Am Montag war es dann aber endlich soweit: Ich wollte mich meinen „alten Dämonen“ stellen und mich in erster Reihe von ihnen musikalisch verwöhnen lassen. Es gab keine Verabredung dazu, ich bin einfach zum Konzert gegangen und habe am Backstage-Eingang ganz brav „Hallo“ gesagt. Und dann war es auf einmal wieder 1998. Wir haben uns gut unterhalten, das Konzert hat mich etwas nostalgisch werden lassen und danach gab es noch ein paar Getränke und lange, lustige Gespräche. Zu meiner eigenen Überraschung ging es dabei nicht nur um „damals“ oder die Zeit, die seitdem vergangen ist, sondern eher um das, was uns heute bewegt. Es war ein schöner Abend und ein bisschen war ich danach auch wehmütig, dass wir uns so lange nicht gesehen hatten. Denn obwohl wir jetzt andere sind und anderen Träumen nachlaufen, haben wir uns immer noch einiges zu sagen.

Bin ich noch ganz der Alte?

Eines ist klar: Ich bin schon lange keine 20 mehr. Und irgendwie war ich diese Woche deshalb etwas hin- und hergerissen. Bin ich heute wirklich anders und ist das jetzt schlimm? Denn irgendwo scheint es mein altes Ich ja noch zu geben und es war nicht unbedingt die schlechteste Version von mir. Aber am Ende bin ich dann doch ganz glücklich, dass ich mich seitdem weiterentwickelt habe. Nicht zu etwas Besserem, sondern zu etwas Anderem. Ja, ich vermisse das Damals: meine Jugend und die Energie, die ich hatte. Die Partys, die Gitarren und alles. Ich vermisse ja auch – vor allem, wenn ich meine Kinder heute beobachte – meine Kindheit und die zauberhaften Fähigkeiten, die ich damals hatte. Sogar meine Schulzeit hätte ich manchmal gerne zurück, obwohl ich mir sicher bin, dass mir meine Erinnerung da einen Streich spielen muss.

Wir bleiben treu.

Es hat einige Tage in mir gegärt, bis ich mir klar darüber war, was dieser Trip ins Gestern mir gebracht hat: Was vorbei ist, ist vorbei, es lebt höchstens in unserer Erinnerung weiter.
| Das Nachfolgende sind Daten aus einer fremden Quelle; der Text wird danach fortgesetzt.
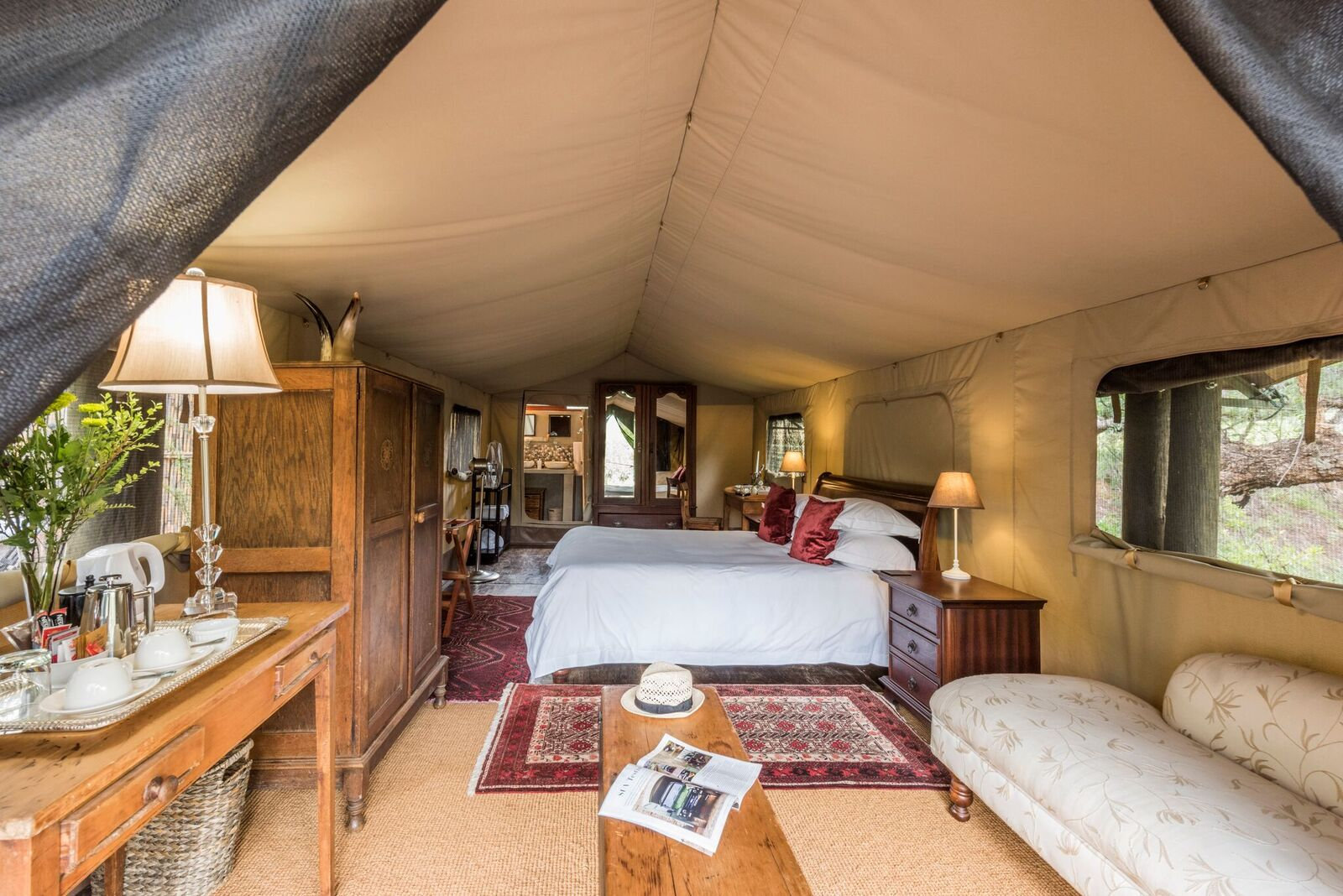 Mount Camdeboo Private Game Reserve rests at the foot of the majestic Sneeuberg Mountain Range in South Africa’s dynamic Karoo region. This is a place of sweeping panoramas and undulating escarpments, extraordinary plant and animal diversity, and a deeply rooted cultural heritage – from its early Bushmen dwellers to its Dutch settlers. The reserve’s pristine 14,000 hectares traverse a myriad of habitats: thorn scrub valleys and succulent hillsides, plunging gorges and vast mountain grasslands teeming with game. Mount Camdeboo’s commitment to the continued restoration and preservation of this important region through sustainable eco-tourism, along with the desire to demonstrate authentic Karoo hospitality in a relaxed and elegant setting, makes it a destination for thoughtful and discerning travelers. If wildlife is what you’re after, Mount Camdeboo contains an impressive spectrum. The reserve is home to white rhino, Cape buffalo, cheetah, giraffe, mountain zebra, a host of antelope and an abundance of birds. If remote R&R is what you need, then the on-site spa and the constantly evolving menu of wholesome, locally inspired, refined cuisine, will do wonders for body and soul. Accommodation is in three beautifully restored, gracious gabled manors – including a sole-use villa – each with spacious gardens and swimming pools, and one with an additional secluded cottage. For those looking for something under canvas, two luxurious and privately located en-suite safari tents provide sweeping views over the reserve.

Dann aber – unter Umständen – leicht verfärbt, zum Besseren oder auch zum Schlechteren hin. Wie mein Leben gelaufen wäre, wenn ich es mit anderen Leuten verbracht hätte, ist dabei zwar eine spannende Frage, letztendlich aber egal. Denn wir verändern uns jeden Tag – als Rockstars, Väter oder Yogis. Vor fünf Jahren war ich ganz anders auf der Matte als heute. Zu unsicher, zu ehrgeizig und zu körperlich. Damals erschien es mir richtig, heute sehe ich das natürlich mit anderen Augen. Trotzdem bin ich noch derselbe, nur eben auf einem anderen Stück der Teilstrecke, die wir Leben nennen. Und letztendlich liegt auch in der Veränderung eine Konstanz: Wenn wir es schaffen, uns zu uns selbst hin zu bewegen, statt von unserem wahren Ich davon zu laufen, können wir uns ständig weiterentwickeln und dabei trotzdem immer treu bleiben. Und diese Erkenntnis war die Reise in die 90er dann auf jeden Fall Wert. Namaste.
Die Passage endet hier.